Task | Retype all the entries word for word, but omit the pictures.

Data supplied |
▬▬▬▬▬▬

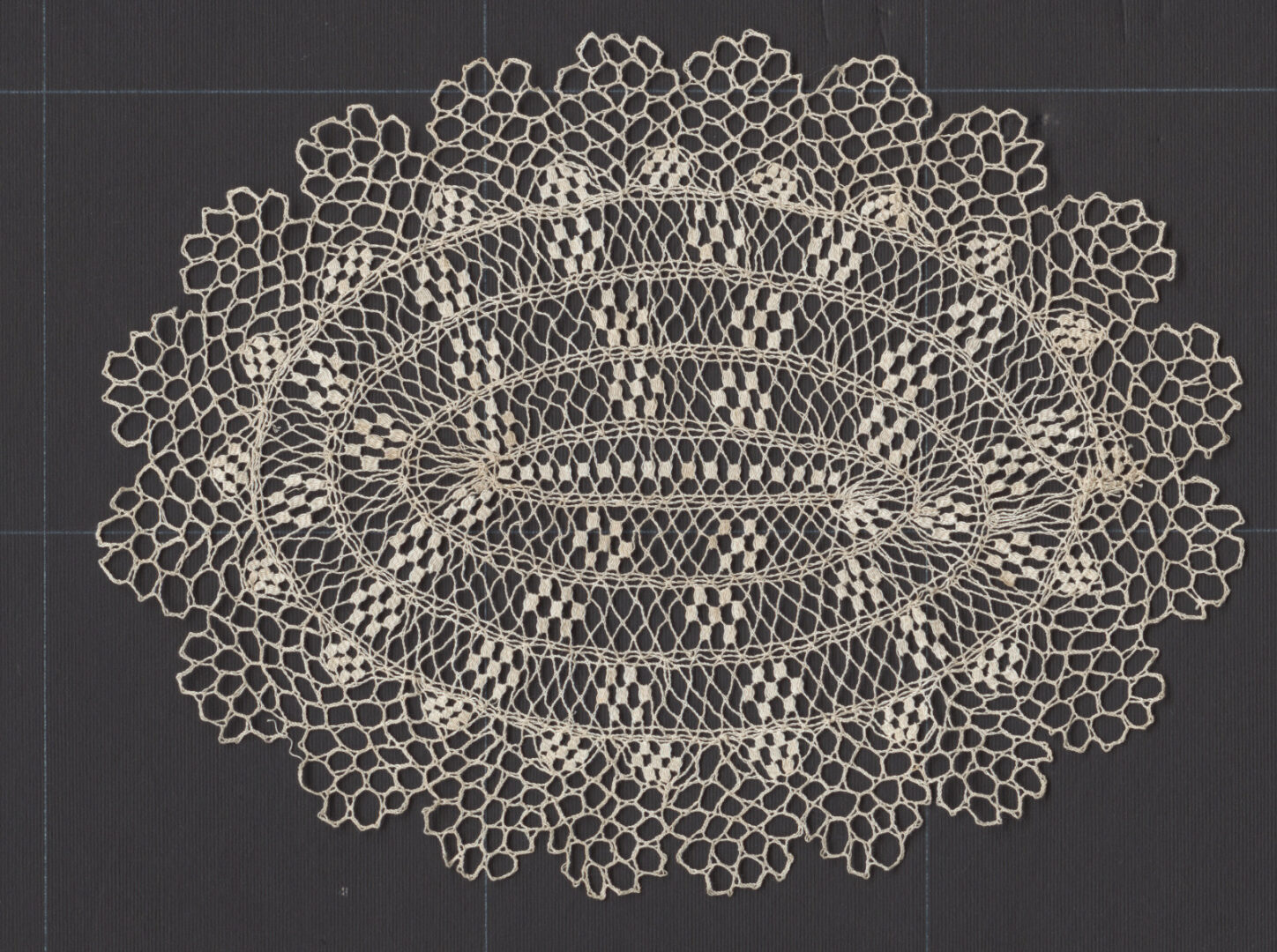 Prikrývka z paličkovanej čipky. Charakteristická čipka banícka, zv. „cingerla“. Materiál biela bavlnená niť, väzby jedno a dvojpárové pletence, dierky, ploštičky, tylová väzba.
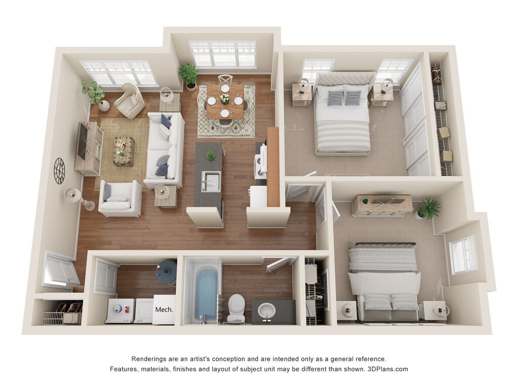 2 Beds, 2 Baths, 977 sq ftAvailable NowLargest 2 BedroomThis is the largest 2 Bedroom at this PropertyModel Gallery
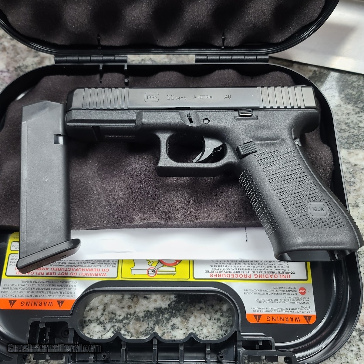 Description: Guns Listing ID: 402352 Great condition with clip and case! SOLD Manufacturer: GLOCK Model: 22gen5 Caliber Info: .40 S&W Condition: Used - Non-Certified Barrels: 4.5 BARREL Finish: BLUE |
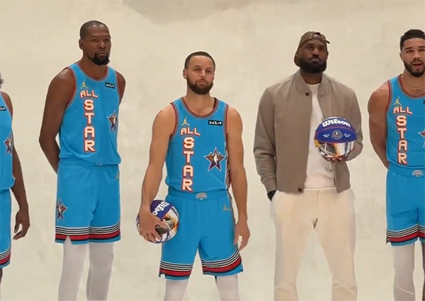 奥尼尔战队合影时,欧文、哈登、杜兰特、库里、詹姆斯、塔图姆、杰伦-布朗和利拉德依次站着,詹姆斯和库里抱着篮球位居C位凸显联盟地位,库里是今年全明星的东道主,40岁詹姆斯仍旧是联盟人气最高的门面;只有詹姆斯身穿便装合影,由于脚踝和足部不适,詹姆斯宣布退出全明星正赛。
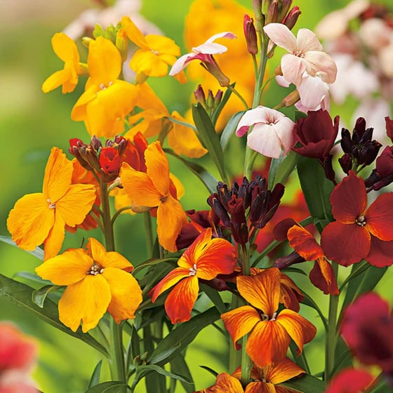The wallflower seeds Persian carpet mix contains many beautiful colours seen in Persian Carpets including cream, apricot, orange, rose, purple, and gold.
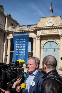 Conférence de presse des représentants syndicaux devant l'assemblee nationale avant l'annonce du 49-3.
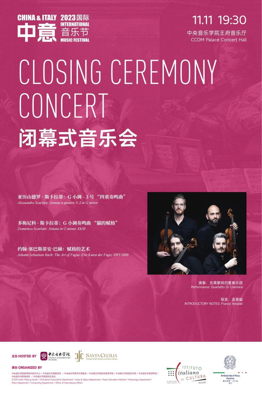 11月11日“闭幕式音乐会——意大利克莱蒙纳四重奏专场”
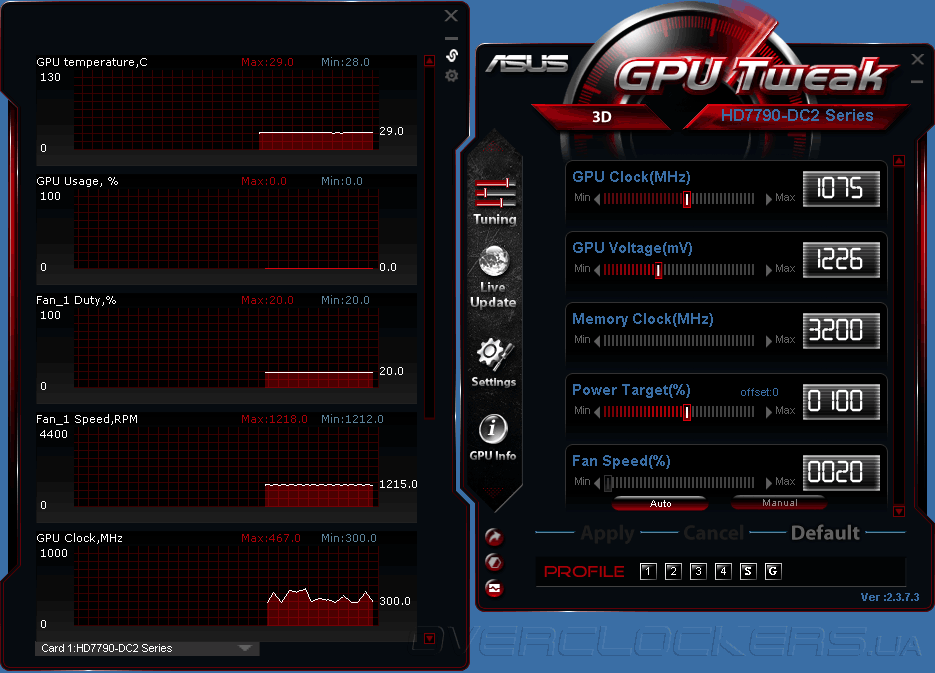 Настало время поговорить о разгоне. Важную роль в этом играет возможность программного управления напряжением. Поддержка этой функции отсутствовала у некоторых моделей Radeon HD 7770 и Radeon HD 7850. Аналогичная ситуация складывается и с Radeon HD 7790 — не все карты поддерживают софтвольтмод. ASUS HD7790-DC2OC-1GD5 позволяет регулировать напряжение, но только через утилиту ASUS GPU Tweak. При этом у программы есть такая проблема, как невозможность регулировки частоты памяти GDDR5. В итоге все равно придется прибегать к сторонним утилитам. При этом еще нужно придерживаться определенного порядка разгона: вначале повышать напряжение в ASUS GPU Tweak, а потом уже регулировать частоты в MSI Afterburner.
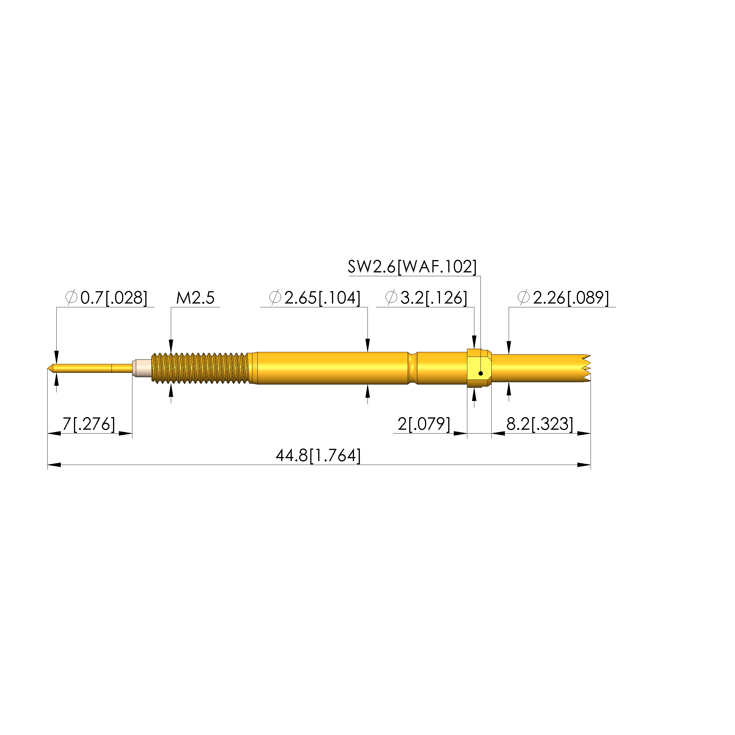 • Outer conductor tip style diameter: 2.26 mm [.088 in]
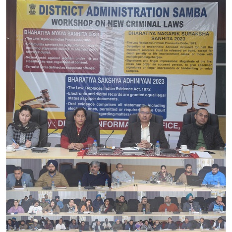 SAMBA: The District Administration Samba, under the chairmanship of Deputy Commissioner Rajesh Sharma, today organised an awareness seminar and interaction event on the newly introduced criminal laws in the Conference Hall, DC Office Complex, Nandani Hills.
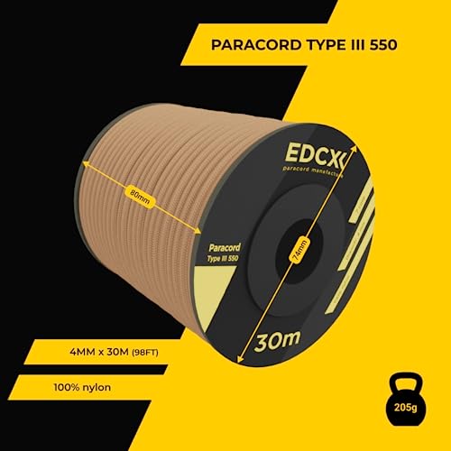 EdcX 4mm Nylon Paracord 550 30m (100 Piedi) - Tipo III, Corda 100% Nylon, Corda 7 Fili, Corda Nylon 4mm in Tinta Unita (Tan, 30 m)
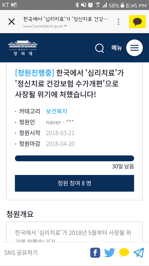 우리 말로만 맨날 우리나라 자살강국 자살 1위 말하지 말고 실제로 정말 현실성 있는 정신보건 수가법이 지정될 수 있도록 청원 동의하자!!!!

▬▬▬▬▬▬

Expected output |
 Prikrývka z paličkovanej čipky. Charakteristická čipka banícka, zv. „cingerla“. Materiál biela bavlnená niť, väzby jedno a dvojpárové pletence, dierky, ploštičky, tylová väzba.
 2 Beds, 2 Baths, 977 sq ftAvailable NowLargest 2 BedroomThis is the largest 2 Bedroom at this PropertyModel Gallery
 Description: Guns Listing ID: 402352 Great condition with clip and case! SOLD Manufacturer: GLOCK Model: 22gen5 Caliber Info: .40 S&W Condition: Used - Non-Certified Barrels: 4.5 BARREL Finish: BLUE |
 奥尼尔战队合影时,欧文、哈登、杜兰特、库里、詹姆斯、塔图姆、杰伦-布朗和利拉德依次站着,詹姆斯和库里抱着篮球位居C位凸显联盟地位,库里是今年全明星的东道主,40岁詹姆斯仍旧是联盟人气最高的门面;只有詹姆斯身穿便装合影,由于脚踝和足部不适,詹姆斯宣布退出全明星正赛。
The wallflower seeds Persian carpet mix contains many beautiful colours seen in Persian Carpets including cream, apricot, orange, rose, purple, and gold.
 Conférence de presse des représentants syndicaux devant l'assemblee nationale avant l'annonce du 49-3.
 11月11日“闭幕式音乐会——意大利克莱蒙纳四重奏专场”
 Настало время поговорить о разгоне. Важную роль в этом играет возможность программного управления напряжением. Поддержка этой функции отсутствовала у некоторых моделей Radeon HD 7770 и Radeon HD 7850. Аналогичная ситуация складывается и с Radeon HD 7790 — не все карты поддерживают софтвольтмод. ASUS HD7790-DC2OC-1GD5 позволяет регулировать напряжение, но только через утилиту ASUS GPU Tweak. При этом у программы есть такая проблема, как невозможность регулировки частоты памяти GDDR5. В итоге все равно придется прибегать к сторонним утилитам. При этом еще нужно придерживаться определенного порядка разгона: вначале повышать напряжение в ASUS GPU Tweak, а потом уже регулировать частоты в MSI Afterburner.
 • Outer conductor tip style diameter: 2.26 mm [.088 in]
 SAMBA: The District Administration Samba, under the chairmanship of Deputy Commissioner Rajesh Sharma, today organised an awareness seminar and interaction event on the newly introduced criminal laws in the Conference Hall, DC Office Complex, Nandani Hills.
 EdcX 4mm Nylon Paracord 550 30m (100 Piedi) - Tipo III, Corda 100% Nylon, Corda 7 Fili, Corda Nylon 4mm in Tinta Unita (Tan, 30 m)
 우리 말로만 맨날 우리나라 자살강국 자살 1위 말하지 말고 실제로 정말 현실성 있는 정신보건 수가법이 지정될 수 있도록 청원 동의하자!!!!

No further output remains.